[Records from a collection]

◆ ◆ ◆

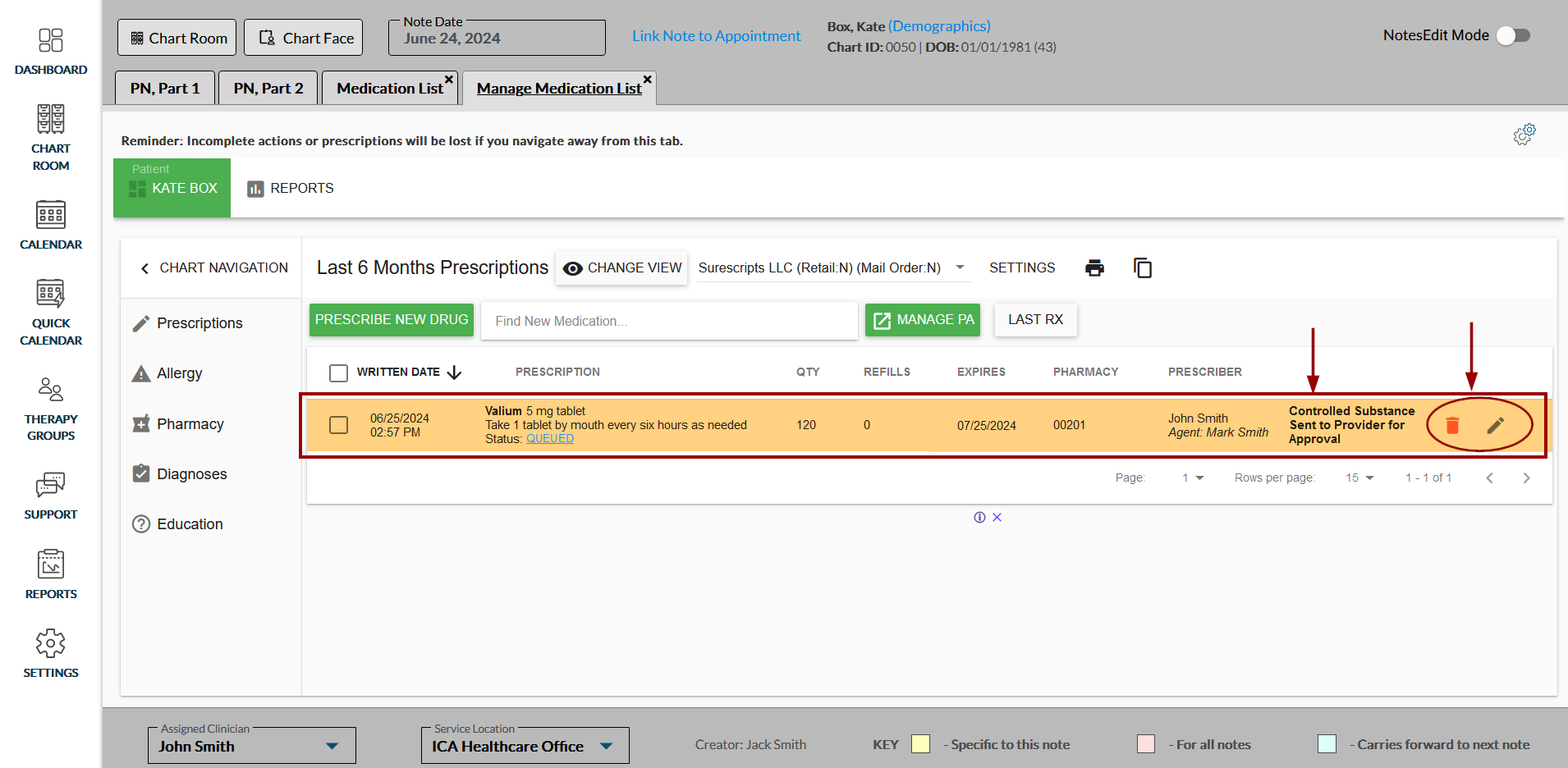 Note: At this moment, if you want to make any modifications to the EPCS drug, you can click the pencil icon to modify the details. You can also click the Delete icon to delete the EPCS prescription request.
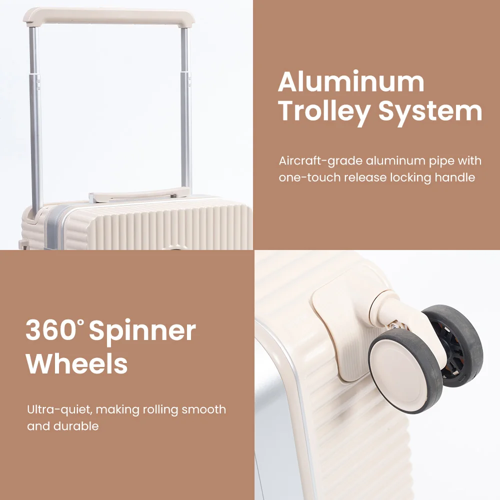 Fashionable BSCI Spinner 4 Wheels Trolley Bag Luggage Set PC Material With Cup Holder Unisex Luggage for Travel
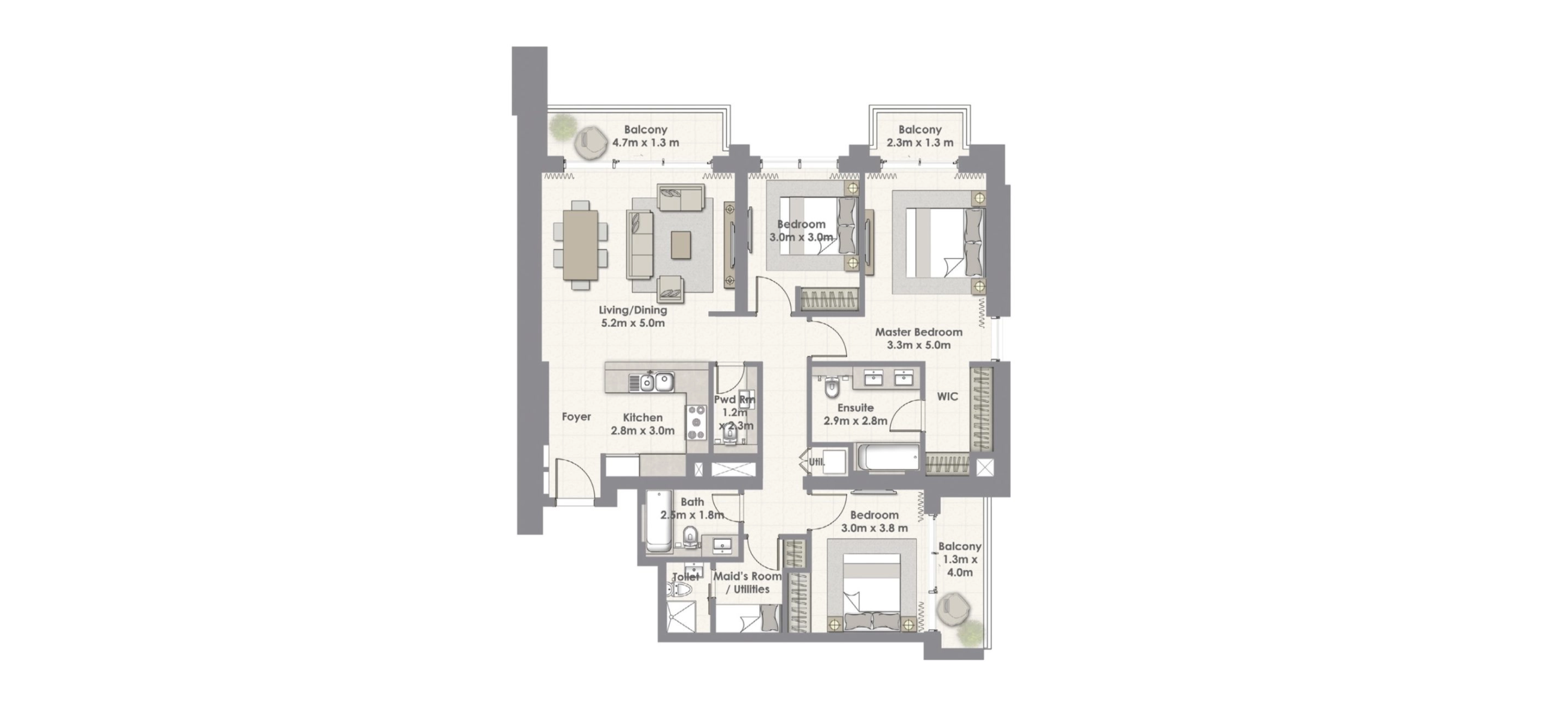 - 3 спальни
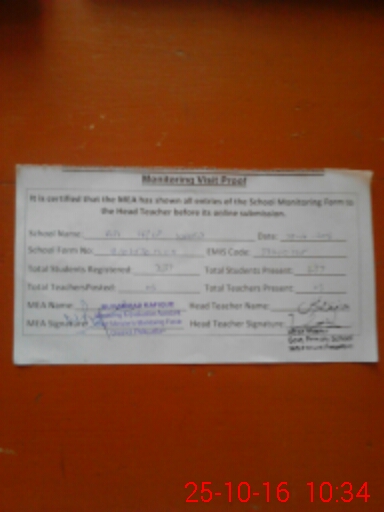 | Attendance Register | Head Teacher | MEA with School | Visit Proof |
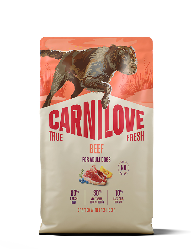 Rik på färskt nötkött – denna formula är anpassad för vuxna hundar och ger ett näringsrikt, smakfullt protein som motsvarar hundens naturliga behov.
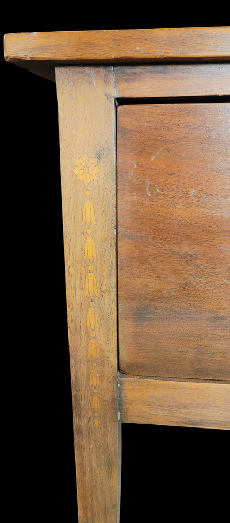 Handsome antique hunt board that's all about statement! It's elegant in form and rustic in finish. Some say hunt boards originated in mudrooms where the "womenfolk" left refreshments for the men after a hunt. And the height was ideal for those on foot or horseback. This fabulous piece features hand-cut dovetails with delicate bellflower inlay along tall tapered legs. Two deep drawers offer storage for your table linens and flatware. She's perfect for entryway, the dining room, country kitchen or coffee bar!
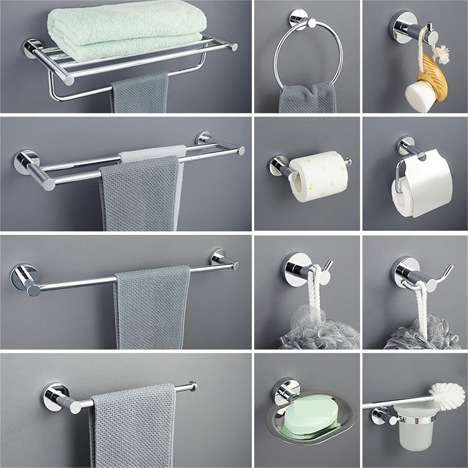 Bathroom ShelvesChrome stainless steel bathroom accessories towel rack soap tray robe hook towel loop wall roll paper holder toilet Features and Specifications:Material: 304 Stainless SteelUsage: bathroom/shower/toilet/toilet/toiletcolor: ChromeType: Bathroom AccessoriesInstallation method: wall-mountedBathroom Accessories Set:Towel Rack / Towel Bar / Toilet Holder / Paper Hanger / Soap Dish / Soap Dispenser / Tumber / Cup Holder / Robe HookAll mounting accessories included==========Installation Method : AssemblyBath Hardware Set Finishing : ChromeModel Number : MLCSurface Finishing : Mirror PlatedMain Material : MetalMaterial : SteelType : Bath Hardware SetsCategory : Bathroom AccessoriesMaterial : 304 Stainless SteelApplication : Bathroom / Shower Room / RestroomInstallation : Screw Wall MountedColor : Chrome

◆ ◆ ◆

» **Task directions**
Each entry is to be transcribed verbatim, and any picture in it is to be skipped.

» **Your solution**
 Note: At this moment, if you want to make any modifications to the EPCS drug, you can click the pencil icon to modify the details. You can also click the Delete icon to delete the EPCS prescription request.
 Fashionable BSCI Spinner 4 Wheels Trolley Bag Luggage Set PC Material With Cup Holder Unisex Luggage for Travel
 - 3 спальни
 | Attendance Register | Head Teacher | MEA with School | Visit Proof |
 Rik på färskt nötkött – denna formula är anpassad för vuxna hundar och ger ett näringsrikt, smakfullt protein som motsvarar hundens naturliga behov.
 Handsome antique hunt board that's all about statement! It's elegant in form and rustic in finish. Some say hunt boards originated in mudrooms where the "womenfolk" left refreshments for the men after a hunt. And the height was ideal for those on foot or horseback. This fabulous piece features hand-cut dovetails with delicate bellflower inlay along tall tapered legs. Two deep drawers offer storage for your table linens and flatware. She's perfect for entryway, the dining room, country kitchen or coffee bar!
 Bathroom ShelvesChrome stainless steel bathroom accessories towel rack soap tray robe hook towel loop wall roll paper holder toilet Features and Specifications:Material: 304 Stainless SteelUsage: bathroom/shower/toilet/toilet/toiletcolor: ChromeType: Bathroom AccessoriesInstallation method: wall-mountedBathroom Accessories Set:Towel Rack / Towel Bar / Toilet Holder / Paper Hanger / Soap Dish / Soap Dispenser / Tumber / Cup Holder / Robe HookAll mounting accessories included==========Installation Method : AssemblyBath Hardware Set Finishing : ChromeModel Number : MLCSurface Finishing : Mirror PlatedMain Material : MetalMaterial : SteelType : Bath Hardware SetsCategory : Bathroom AccessoriesMaterial : 304 Stainless SteelApplication : Bathroom / Shower Room / RestroomInstallation : Screw Wall MountedColor : Chrome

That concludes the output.